Considering health is quite literally the most important thing in your life (can't spend it when you're dead anyway unlike the Egyptian pharaohs) I do not understand why so many complain about the cost of healthcare.
But when you are twenty I suppose one sees health differently. When you are 60 and take a bunch of pills to keep yourself from dying it suddenly all makes sense...
At a certain point... how many hours of your life are you willing to spend working to extend your life by an average of 1 month / 500 waking hours?
If almost all of GDP was healthcare, with costs dramatically increasing with age, then that number climbs for each additional month and reaches into the thousands. I wouldn't make that trade, especially because I'd be spending so many of those hours in my early to mid life.
Cash spent on an activity does not reflect the time that it takes, doubly so if you were able to reduce the administrative layers involved in eg health insurance.
Ah, some stupid Silicon valley bullshit. Programming and many more things done there, is not work. Yeah, it looks like work, but it is not, it does not produce something necessary for biological living or education or life support. It is more like: I like reading, I read 18 h/day. OK, cool.
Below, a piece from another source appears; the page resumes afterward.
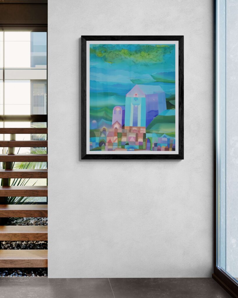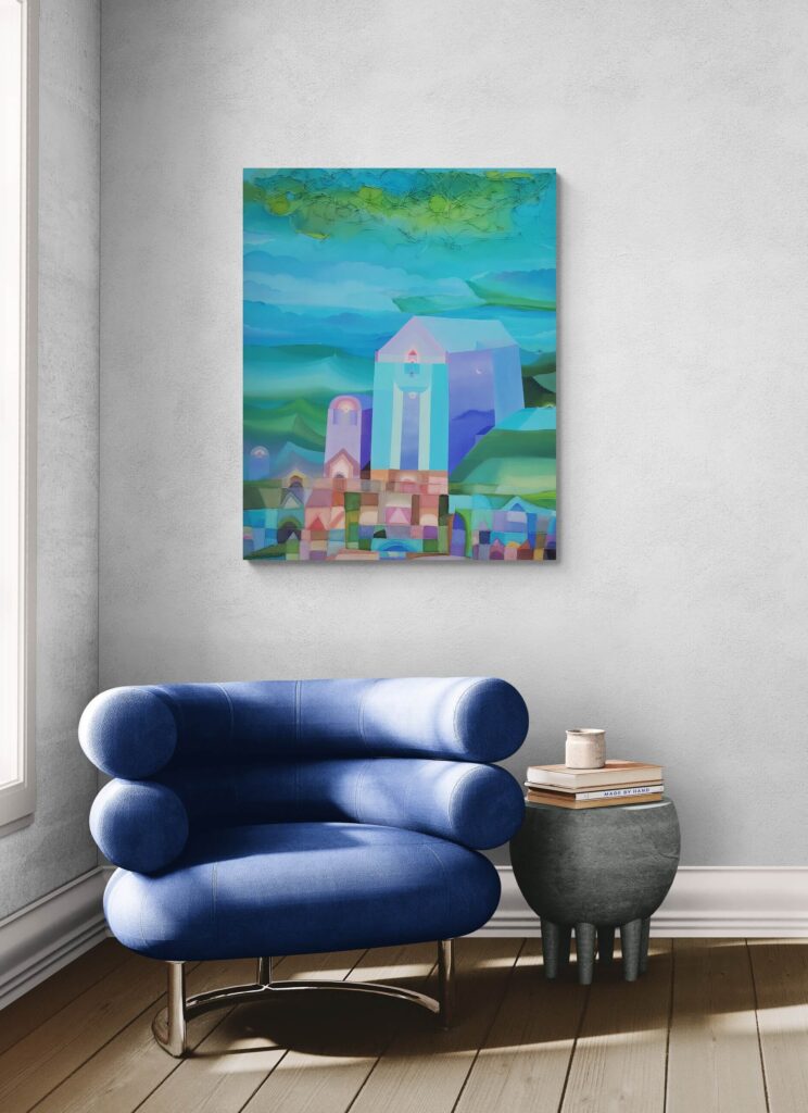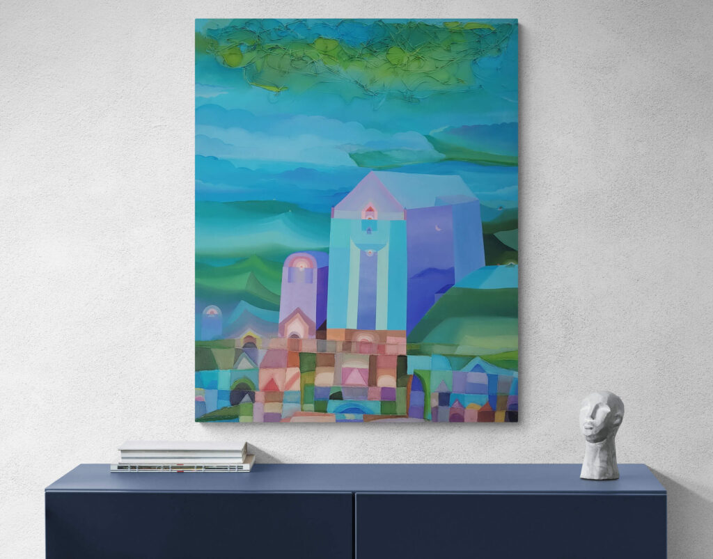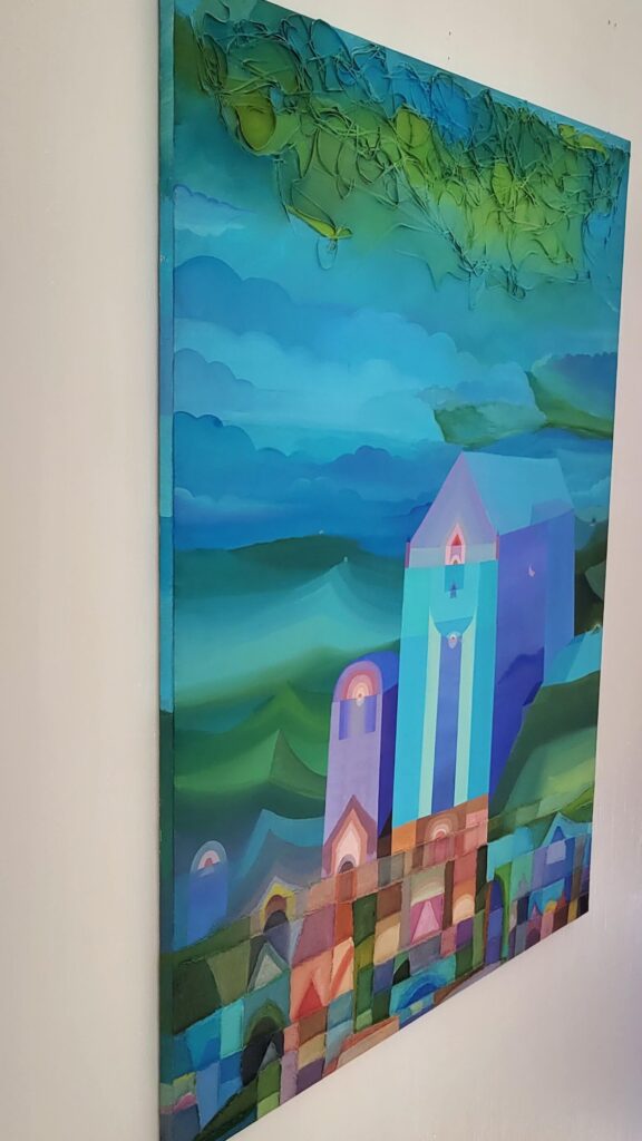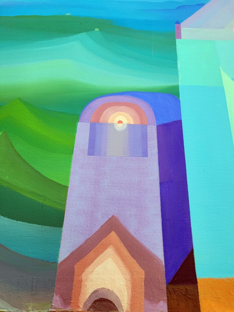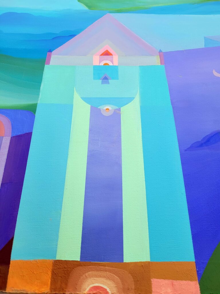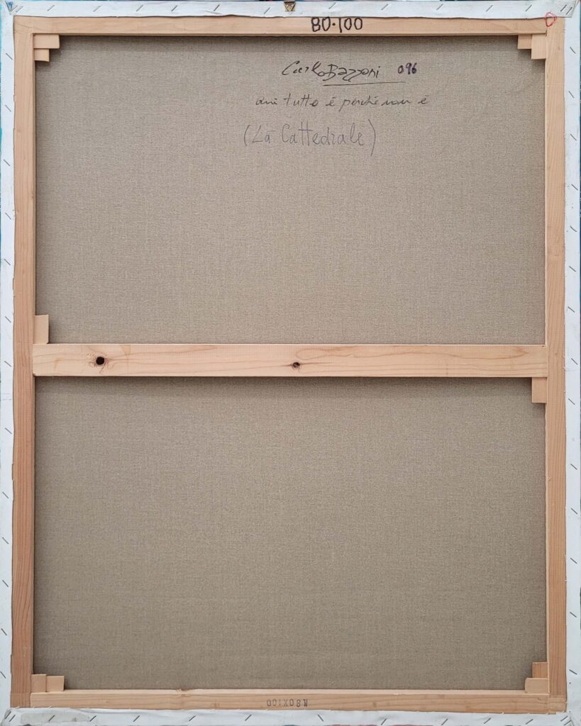 In qui tutto è perchè non è, l’artista edifica un luogo interiore dove l’architettura si fa visione. Le strutture geometriche, simili a torri o templi, si innalzano come forme sacre da un mosaico cromatico fatto non di pietra, ma di silenzio, assenza e allusione metafisica. Sono cattedrali non della terra, ma del pensiero.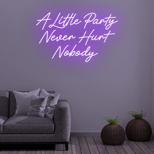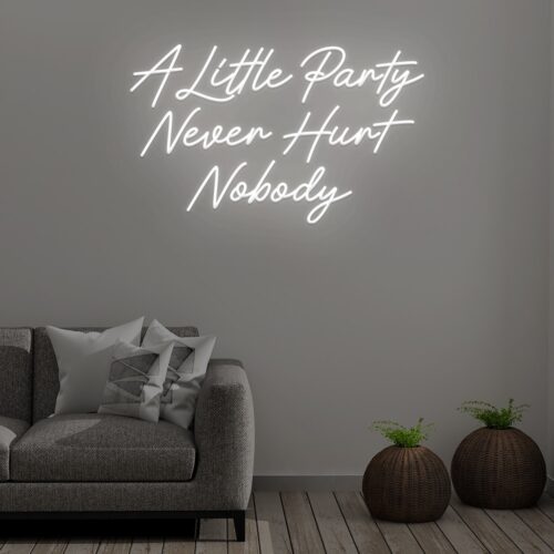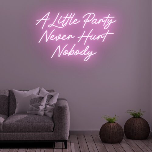 “A little party never hurt nobody,” says this neon sign, which is ideal for a wedding, party, or another event. This Neon Sign will brighten up any wall, playroom, or bar with its vibrant colours and eye-catching design. It also looks great in places like nightclubs, pubs, and event venues, among others.

Work is something that is done to reproduce life. Programming, reading, is not work, it is life activity itself, do it as you like.
Example 2: it does make sense to optimize biologically needed production. But it does not make really sense to optimize life activity. I like cycling, I measure my performance, but I'm ok that some people cycle just for fun.
Yes, I too think that GDP growth goal is not very compatible with sustainable production. But not to the point where you have less kinds of food.
But the main problem I think is: there is no option to work less. Lets say you want to consume less, what will you do with your money, throw away? So I think that the workday should be reduced.
I think there is a contradiction: on one hand, consumption should be reduced for sustainable production. But I have not heard anything on reducing the work time. I do not think that there can be a consensus that asks to work more for less.
It is not possible for some type of workers, who already work 12 h/day and have no savings.
Something should change in what work is, how production is organized and profit is produced or I do not see how else this contradiction can be resolved.
The work can be organized by reducing work time (workday) to produce all there is necessary for biological living. Say 4 h workday (see productivity growth on why this is possible), no wage cut, at production factors, construction, food, etc. This 4 hour workday will be enough for some good level of living. And everything else can be produced somehow else, not as work. Then it will not be necessary to keep production of some object only for the sake of paying for a house, thus consumption will slightly lower but work day will lower, too.